Virgil nodded a bit.
“It’s what we do,” I said. “Constable.”
“It is,” Virgil said.
“I hope the hell you find them,” Comstock said.
“We are gonna do our best to find them,” Virgil said, “and straighten the rest of this ordeal out, Constable.”
“I hope the hell so,” Comstock said.
“You need to know something, though, Mr. Comstock,” Virgil said.

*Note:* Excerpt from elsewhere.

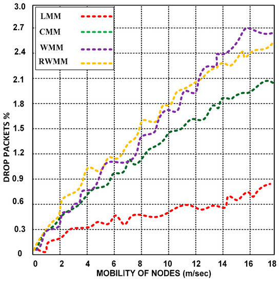 Figure 10 compares the packet drop rate of the LMM with those of the CMM, RWMM, and WMM. The LMM outperforms the other mobility models in walking patterns; it drops a maximum of 0.7% of the packets, whereas the other mobility models have dropped rates as high as 2.45%. This result confirms the high potential of the LMM as a mobility model for walking patterns.
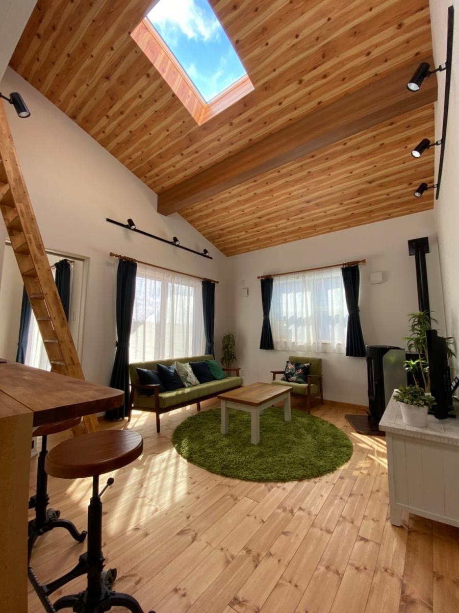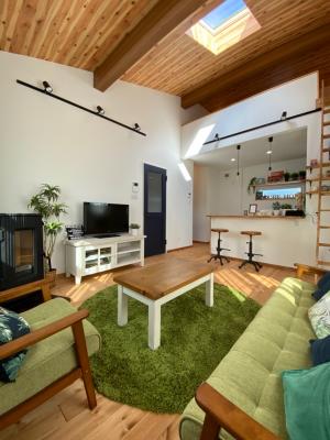 リビングは屋根勾配を活かした勾配天井で天井高が高く、とっても開放的!

“What’s that, Marshal?” Comstock said.
“We got criminal elements we’re dealing with here,” Virgil said. “Everett and me will do what we can, but there ain’t no guarantee you’ll get your money back. And maybe not Catherine.”
55
It was the beginnings of yet another hot day when we loaded up our horses on the eleven-o’clock train headed for Mexico. Much to Alejandro’s dislike, we had him in shackles, and in the short walk from the jail to the depot, he’d already perturbed the hell out of Virgil.
Hawkins stood on the porch of the depot with us as we boarded.
“I’d go with you if I didn’t have a town to police,” Hawkins said.
“I know, Webb,” Virgil said.
“Hell of an ordeal,” Hawkins said with a grin.
“Is,” Virgil said. “Hell of an ordeal.”
Hawkins turned to Alejandro.
“Where is the especial place you been talking about, Alejandro?” Hawkins said, as if he were throwing a dart at Alejandro.